Democrat Kilroy Finally Emerges as Winner of Ohio House Seat
By Greg Giroux, CQ Staff
In the final uncalled House race of the 2008 election, Ohio Democrat Mary Jo Kilroy, a county commissioner, was confirmed Sunday night as the winner of the Nov. 4 election in the Columbus-centered 15th District.
Kilroy defeated Republican state Sen. Steve Stivers by 2,311 votes out of more than 304,000 cast, a margin of about three-fourths of one percentage point.
Kilroy, who is succeeding retiring Republican Rep. Deborah Pryce , will be among the 257 Democrats who take the oath of office on Jan. 6. The next Congress will include 178 House Republicans, or 21 fewer than the GOP held on Election Day.
Kilroy “will bring the strong, bipartisan leadership necessary to address the challenges our nation faces,” said Maryland Rep. Chris Van Hollen , who aided Kilroy’s campaign as the chairman of the Democratic Congressional Campaign Committee.

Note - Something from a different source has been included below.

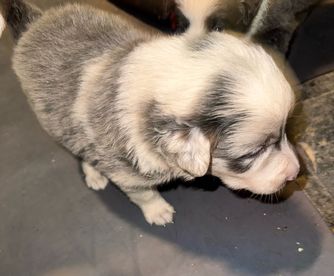 Our puppies include slate merle and white and blue. Colors will vary depending on the parent dogs.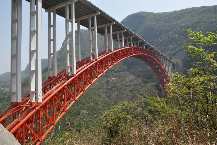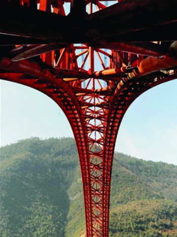 跨径430米的上承式钢管混凝土拱桥,为世界同类桥梁跨度之首。支井河特大桥是沪蓉西高速公路湖北恩施至野三关段的“咽喉”工程,全长545.54米,计算跨径430米,桥身由30个节段钢管拱肋顺利安置合龙、8根主弦管混凝土一次顶升灌注乐成、拱上立柱平稳安置和168片箱梁圆满架设完成,接纳“先栓后焊、栓焊结合”的连接方法在国内首次解决大跨度钢管拱肋运输和拼装难题,使受力更为合理。大桥的建设克服了无水运条件、无整节段陆运条件、无法接纳传统工艺钢管拱肋安置和无法安置缆索起重机等纷乱山区条件下,修建大跨度桥梁的设计施工难题,开创了国内外先例。现已建成通车。

The count in Ohio’s 15th was delayed by wrangling in federal and state courts over the counting of some provisional ballots in Franklin County, the population center of a district that also includes Republican-leaning Madison and Union Counties outside the city.
Provisional ballots, which are cast by voters whose eligibility could not be immediately verified on Election Day, tend to lean Democratic, and Kilroy erased a Stivers lead that stood at 149 votes after the Nov. 4 count and at 594 votes after Madison and Union certified their totals late last month.
The 2,311 vote difference between Kilroy and Stivers was much smaller than the vote totals that accrued to the other two candidates in the race — Libertarian Mark Michael Noble, who received 14,061 votes (4.6 percent), and independent Don Eckhart, who received 12,915 votes (4.2 percent).
The long post-election wait was all too familiar to Kilroy, whose loss to Pryce two years ago by less than 1,100 votes wasn’t confirmed until several weeks after the election.
Kilroy shortly thereafter prepared a rematch campaign against Pryce, who announced her retirement in August 2007. Stivers, an Iraq war veteran, was a strong GOP candidate who ran in what what was a poor political environment for Republicans nationally and in Ohio. Barack Obama carried the 15th District in the Nov. 4 vote.
Kilroy was one of 12 Democrats who were elected to seats that Republicans left open after losing primary elections or announcing their retirements or candidacies for other office. Democratic challengers also unseated 14 House Republican incumbents. Five Democrats were defeated for re-election, including Louisiana Rep. William J. Jefferson , who was upset Saturday by Republican lawyer Anh “Joseph” Cao.